So I've read Joel's article, and looked through SO, and it seems the only reason to switch from ASCII to Unicode is for internationalization. The company I work for, as a policy, will only release software in English, even though we have customers throughout the world. Since all of our customers are scientists, they have functional enough English to use our software as a non-native speaker. Or so the logic goes. Because of this policy, there is no pressing need to switch to Unicode to support other languages.
However, I'm starting a new project and wanted to use Unicode (because that is what a responsible programmer is supposed to do, right?). In order to do so, we would have to start converting all of the libraries we've written into Unicode. This is no small task.
If internationalization of the programs themselves is not considered a valid reason, how would one justify all the time spent recoding libraries and programs to make the switch to Unicode?
This obviously depends on what your app actually does, but just because you only have an english version in no way means that internationalization is not an issue.
What if I want to store a customer name which uses non-english characters? Or the name of a place in another country?
As an added bonus (since you say you're targeting scientists) is that all sorts of scientific symbols and notiations are supported as part of Unicode.
Ultimately, I find it much easier to be consistent. Unicode behaves the same no matter whose computer you run the app on. Non-unicode means that you use some locale-dependant character set or codepage by default, and so text that looks fine on your computer may be full of garbage characters on someone else's.
Apart from that, you probably don't need to translate all your libraries to Unicode in one go. Write wrappers as needed to convert between Unicode and whichever encoding you use otherwise.
If you use UTF-8 for your Unicode text, you even get the ability to read plain ASCII strings, which should save you some conversion headaches.
They say they will always put it in English now, but you admit you have worldwide clients. A client comes in and says internationalization is a deal breaker, will they really turn them down?
To clarify the point I'm trying to make you say that they will not accept this reasoning, but it is sound.
Always better to be safe than sorry, IMO.
The extended Scientific, Technical and Mathematical character set rules.
Where else can you say ⟦∀c∣c∈Unicode⟧ and similar technical stuff.
Characters beyond the 7-bit ASCII range are useful in English as well. Does anyone using your software even need to write the € sign? Or £? How about distinguishing "résumé" from "resume"?You say it's used by scientists around the world, who may have names like "Jörg" or "Guðmundsdóttir". In a scientific setting, it is useful to talk about wavelengths like λ, units like Å, or angles as Θ, even in English.

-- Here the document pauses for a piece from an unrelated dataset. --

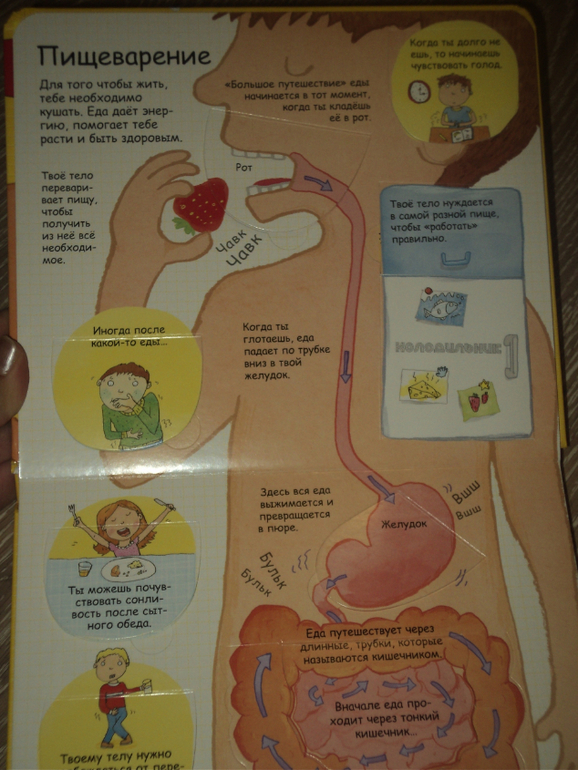 Следующая книга - "Секраты человека". Изучили все строение тела. А самая любимейшая страничка о пищеварении. Сын понимает, почему так важно хорошо мыть руки, делая перчаточки из пены, почему нельзя есть немытые овощи и фрукты, знает, как продвигается по организму пища, где находится сердце и желудок и много другое.
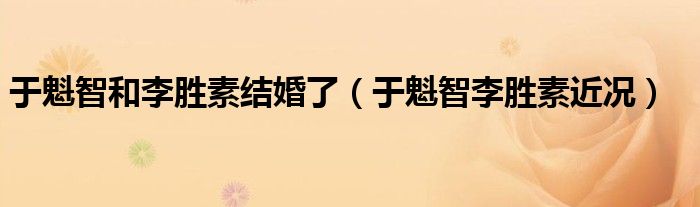关于于魁智和李胜素结婚了,于魁智李胜素近况这个很多人还不知道,今天菲菲来为大家解答以上的问题,现在让我们一起来看看吧!

Some of these characters, like "ö", "£", and "€" may be available in 8-bit encodings like ISO-8859-1 or Windows-1252, so it may seem like you could just use those encodings and be done with it. The problem is that there are characters outside of those ranges that many people use very frequently, and so lots of existing data is encoded in UTF-8. If your software doesn't understand that when importing data, it may interpret the "£" character in UTF-8 as a sequence of 2 Windows-1252 characters, and render it as "£". If this sort of error goes undetected for long enough, you can start to get your data seriously garbled, as multiple passes of misinterpretation alter your data more and more until it becomes unrecoverable.
And it's good to think about these issues early on in the design of your program. Since strings tend to be very low-level concept that are threaded throughout your entire program, with lots of assumptions about how they work implicit in how they are used, it can be very difficult and expensive to add Unicode support to a program later on if you have never even thought about the issue to begin with.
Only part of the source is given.